See the entire solution process below:

#### Explanation:

First, we need to determine the slope of the line. The slope can be found by using the formula: $m = \frac{\textcolor{red}{{y}_{2}} - \textcolor{b l u e}{{y}_{1}}}{\textcolor{red}{{x}_{2}} - \textcolor{b l u e}{{x}_{1}}}$

Where $m$ is the slope and ($\textcolor{b l u e}{{x}_{1} , {y}_{1}}$) and ($\textcolor{red}{{x}_{2} , {y}_{2}}$) are the two points on the line.

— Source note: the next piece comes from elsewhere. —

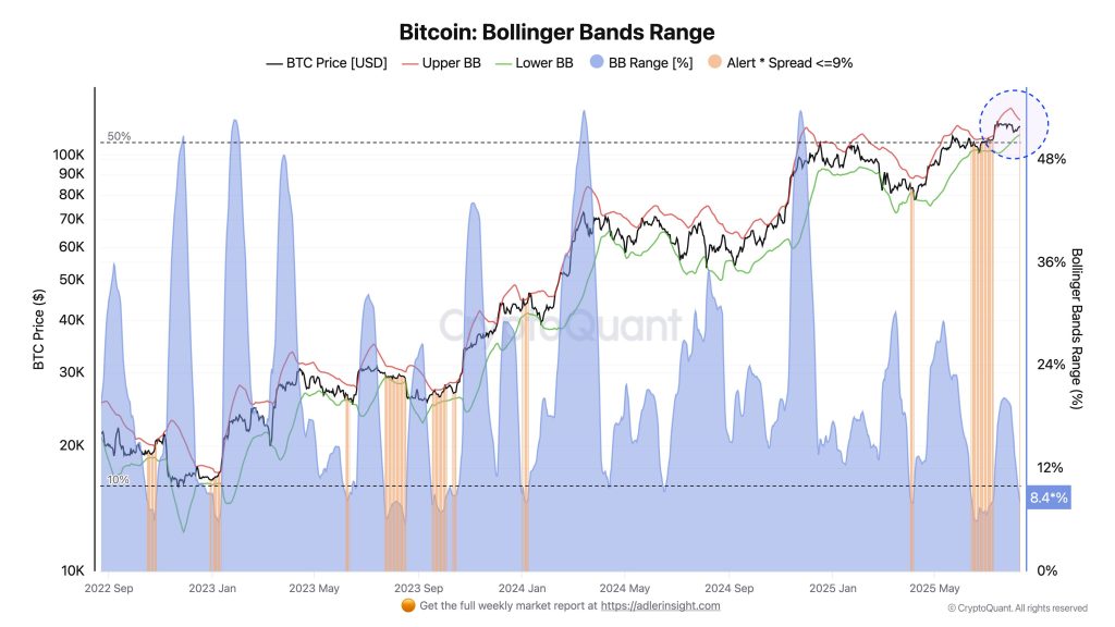 Já a análise da CryptoQuant mostra que a zona entre US$ 116 mil e US$ 118 mil funciona como faixa de equilíbrio antes de um novo impulso.

Substituting the values from the points in the problem gives:

$m = \frac{\textcolor{red}{6} - \textcolor{b l u e}{4}}{\textcolor{red}{0} - \textcolor{b l u e}{- 2}} = \frac{\textcolor{red}{6} - \textcolor{b l u e}{4}}{\textcolor{red}{0} + \textcolor{b l u e}{2}} = \frac{2}{2} = 1$

We can now use the point-slope formula to write an equation for this line. The point-slope formula states: $\left(y - \textcolor{red}{{y}_{1}}\right) = \textcolor{b l u e}{m} \left(x - \textcolor{red}{{x}_{1}}\right)$

Where $\textcolor{b l u e}{m}$ is the slope and $\textcolor{red}{\left(\left({x}_{1} , {y}_{1}\right)\right)}$ is a point the line passes through.

Substituting the slope we calculated and the values from the second point in the problem gives:

$\left(y - \textcolor{red}{6}\right) = \textcolor{b l u e}{1} \left(x - \textcolor{red}{0}\right)$

$y - \textcolor{red}{6} = 1 x$

The standard form of a linear equation is: $\textcolor{red}{A} x + \textcolor{b l u e}{B} y = \textcolor{g r e e n}{C}$

Where, if at all possible, $\textcolor{red}{A}$, $\textcolor{b l u e}{B}$, and $\textcolor{g r e e n}{C}$are integers, and A is non-negative, and, A, B, and C have no common factors other than 1

To start transforming the equation we wrote to standard form we can add $\textcolor{red}{6}$ and subtract $\textcolor{b l u e}{1 x}$ from each side of the equation to put both variables on the left side of the equation and the constant on the right side of the equation:

$- \textcolor{b l u e}{1 x} + y - \textcolor{red}{6} + \textcolor{red}{6} = - \textcolor{b l u e}{1 x} + 1 x + \textcolor{red}{6}$

$- 1 x + y - 0 = 0 + 6$

$- 1 x + y = 6$

Now, because the coefficient of the $x$ variable should be a positive integer we can multiply each side of the equation by $\textcolor{red}{- 1}$ to change the sign of the $x$ variable while keeping the equation balanced:

$\textcolor{red}{- 1} \left(- 1 x + y\right) = \textcolor{red}{- 1} \times 6$

$\left(\textcolor{red}{- 1} \times - 1 x\right) + \left(\textcolor{red}{- 1} \times y\right) = - 6$

$\textcolor{red}{1} x + \textcolor{b l u e}{- 1} y = \textcolor{g r e e n}{- 6}$